Ingredients for Bok Choy Leaf Chips
Here’s all you need to make magic happen – seriously, don’t let the short ingredient list fool you. These simple components transform into something extraordinary:
- 4 cups bok choy leaves – washed and dried thoroughly (I can’t stress enough how important dry leaves are for crispiness)
- 1 tbsp olive oil – just enough to coat every lovely leaf
- 1/2 tsp salt – I use fine sea salt for even distribution
- 1/4 tsp garlic powder – my secret flavor booster
- 1/4 tsp black pepper – freshly ground if you’ve got it
That’s it, Five pantry staples standing between you and snack heaven. I’ve tried fancier versions, but this basic combo always delivers the perfect balance of salty, garlicky goodness. For more information on the nutritional benefits of leafy greens, check out this official resource on vegetables.
How to Make Bok Choy Leaf Chips
Ready to turn those gorgeous greens into crispy perfection? Follow these simple steps – I’ve made this so many times I could do it in my sleep (and sometimes do when snack cravings hit at midnight)

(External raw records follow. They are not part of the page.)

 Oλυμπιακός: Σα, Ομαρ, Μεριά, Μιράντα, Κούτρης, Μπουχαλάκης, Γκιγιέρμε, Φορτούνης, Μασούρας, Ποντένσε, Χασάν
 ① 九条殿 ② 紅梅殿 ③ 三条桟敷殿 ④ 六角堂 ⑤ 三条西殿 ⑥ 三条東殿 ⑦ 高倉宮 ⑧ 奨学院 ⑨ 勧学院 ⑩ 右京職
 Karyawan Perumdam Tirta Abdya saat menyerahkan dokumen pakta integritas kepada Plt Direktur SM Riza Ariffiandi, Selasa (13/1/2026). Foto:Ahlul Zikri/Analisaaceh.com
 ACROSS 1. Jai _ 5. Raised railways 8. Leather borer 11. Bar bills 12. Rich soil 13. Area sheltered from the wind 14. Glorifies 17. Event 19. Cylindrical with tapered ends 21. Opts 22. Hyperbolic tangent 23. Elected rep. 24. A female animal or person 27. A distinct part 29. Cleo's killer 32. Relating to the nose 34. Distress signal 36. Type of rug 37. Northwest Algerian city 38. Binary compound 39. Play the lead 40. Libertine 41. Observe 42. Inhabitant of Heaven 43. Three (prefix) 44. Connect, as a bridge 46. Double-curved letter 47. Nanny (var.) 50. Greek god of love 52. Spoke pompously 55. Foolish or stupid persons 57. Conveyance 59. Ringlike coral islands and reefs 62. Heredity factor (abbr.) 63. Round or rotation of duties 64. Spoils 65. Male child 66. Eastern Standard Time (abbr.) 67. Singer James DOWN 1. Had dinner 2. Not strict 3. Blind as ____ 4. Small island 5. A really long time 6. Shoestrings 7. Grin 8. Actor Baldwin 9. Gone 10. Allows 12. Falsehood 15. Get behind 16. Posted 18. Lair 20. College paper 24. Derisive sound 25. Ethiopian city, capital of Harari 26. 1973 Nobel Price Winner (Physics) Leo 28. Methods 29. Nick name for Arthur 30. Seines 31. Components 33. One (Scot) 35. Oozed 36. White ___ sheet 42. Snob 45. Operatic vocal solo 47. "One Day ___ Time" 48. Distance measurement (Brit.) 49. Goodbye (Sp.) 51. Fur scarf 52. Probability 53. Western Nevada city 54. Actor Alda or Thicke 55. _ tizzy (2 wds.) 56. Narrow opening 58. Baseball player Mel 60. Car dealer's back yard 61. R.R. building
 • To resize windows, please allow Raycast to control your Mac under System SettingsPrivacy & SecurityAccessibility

Preparing the Bok Choy Leaves
First, give those leaves some love in a cold water bath – swish them around to remove any grit. Then comes the crucial step: pat them bone dry with paper towels or spin them in a salad spinner. Any leftover water = soggy chips, and we won’t stand for that.
Seasoning and Baking
Now the fun part. In a big bowl, gently massage the oil into every leaf until they glisten (don’t be shy – get between those ribs). Sprinkle your seasoning mix evenly, then arrange the leaves in a single layer on your baking sheet – no overlapping allowed. They need their personal space to crisp up properly.

Cooling and Storing
Here’s where patience pays off – let them cool completely on the baking sheet (about 10 minutes). This is when they develop that satisfying snap. Store any leftovers in an airtight container to keep them crispy for up to 3 days – if they last that long.

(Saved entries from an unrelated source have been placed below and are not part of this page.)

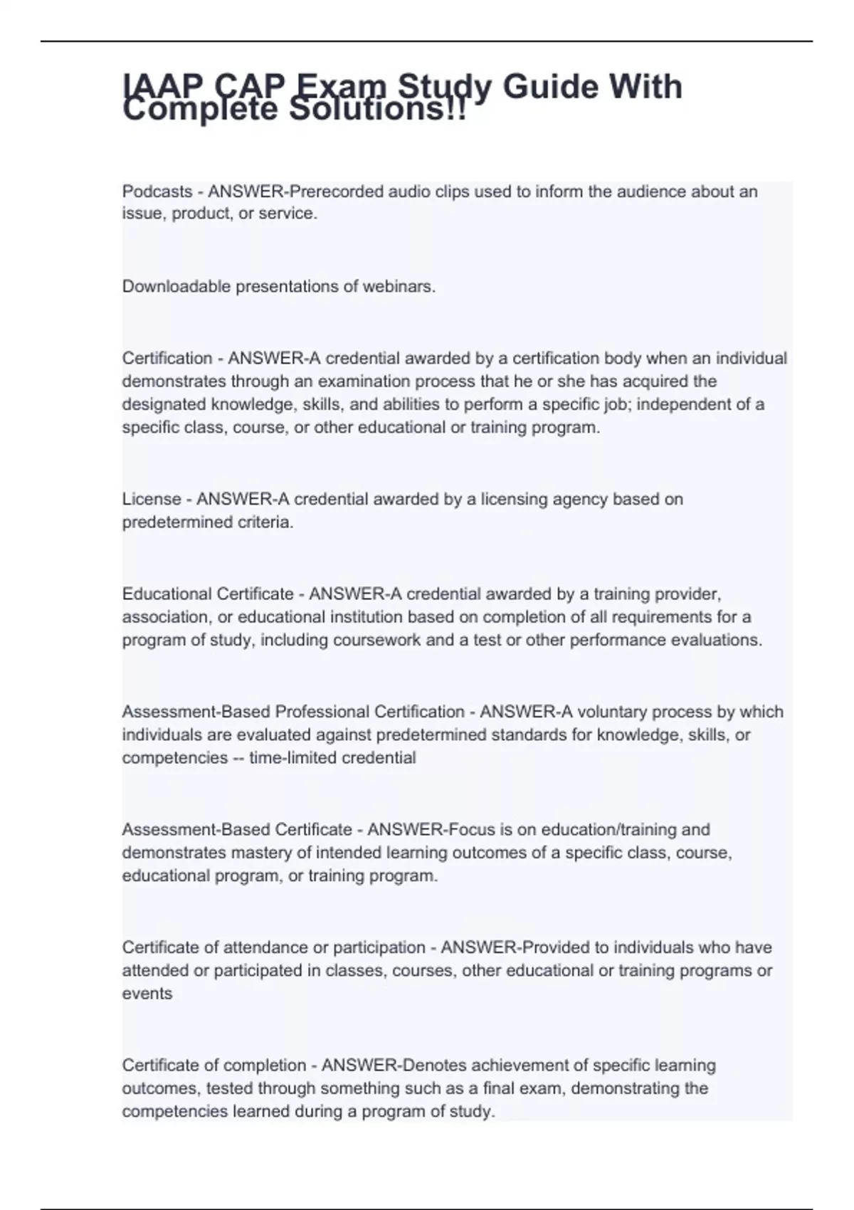 Downloadable presentations of webinars. Certification - ANSWER-A credential awarded by a certification body when an individual demonstrates through an examination process that he or she has acquired the designated knowledge, skills, and abilities to perform a specific job; independent of a specific class, course, or other educational or training program. License - ANSWER-A credential awarded by a licensing agency based on predetermined criteria. Educational Certificate - ANSWER-A credential awarded by a training provider, association, or educational institution based on completion of all requirements for a program of study, including coursework and a test or other performance evaluations. Assessment-Based Professional Certification - ANSWER-A voluntary process by which individuals are evaluated against predetermined standards for knowledge, skills, or competencies -- time-limited credential Assessment-Based Certificate - ANSWER-Focus is on education/training and demonstrates mastery of intended learning outcomes of a specific class, course, educational program, or training program. Certificate of attendance or participation - ANSWER-Provided to individuals who have attended or participated in classes, courses, other educational or training programs or events
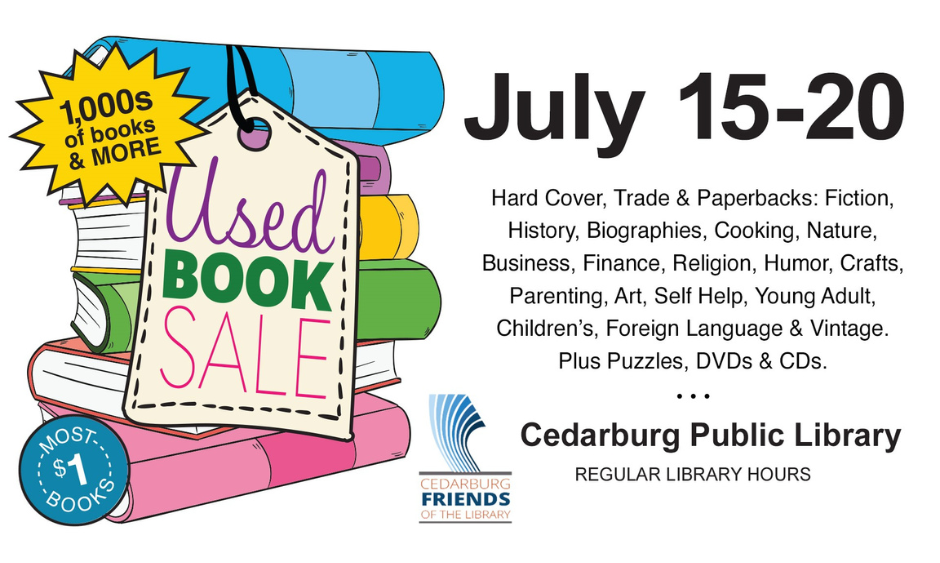 Cedarburg Friends of the Library are having their BIG Used Book Sale starting this coming week on Monday, July 15 until Saturday, July 20! Drop by and browse the huge selection of Used Books, DVDs, CDs and Puzzles. Our Friends say they have "Books galore!"
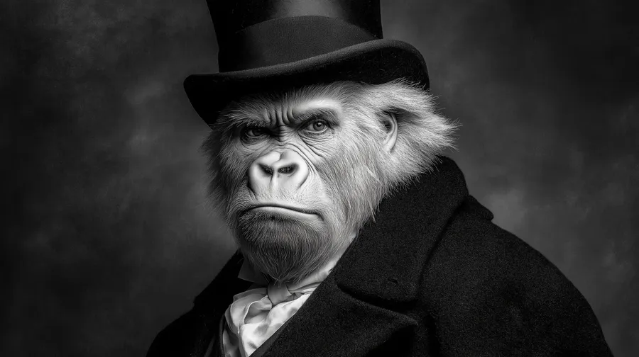 Gorilla,monochrome,portrait,tophat,coat,animal,distinguished,vintage,classic,wildlife,expression,formal,character,blackwhite,gentleman

Tips for Perfect Bok Choy Leaf Chips
After burning more batches than I’d care to admit, here are my hard-earned secrets for bok choy chip perfection:
- Dry those leaves like your snack depends on it (because it does) – I use paper towels AND a salad spinner for maximum crispiness
- Give them room to breathe – spread leaves in a single layer with no touching, or they’ll steam instead of crisp
- Start checking at 15 minutes – oven temps vary, and those thin edges can go from golden to burnt fast.
Trust me, follow these three rules, and you’ll get chips so good they’ll put potato chips to shame. If you struggle with crisping things in the oven, you might want to read up on the science behind soggy air fryer chips, as the principles apply here too.
Variations for Bok Choy Leaf Chips
Once you’ve mastered the basic recipe, the flavor possibilities are endless. My family goes crazy for these simple twists:
- Spicy kick – add a pinch of chili flakes or smoked paprika with the garlic powder
- Cheesy goodness – sprinkle nutritional yeast or Parmesan after baking (trust me, it’s life-changing)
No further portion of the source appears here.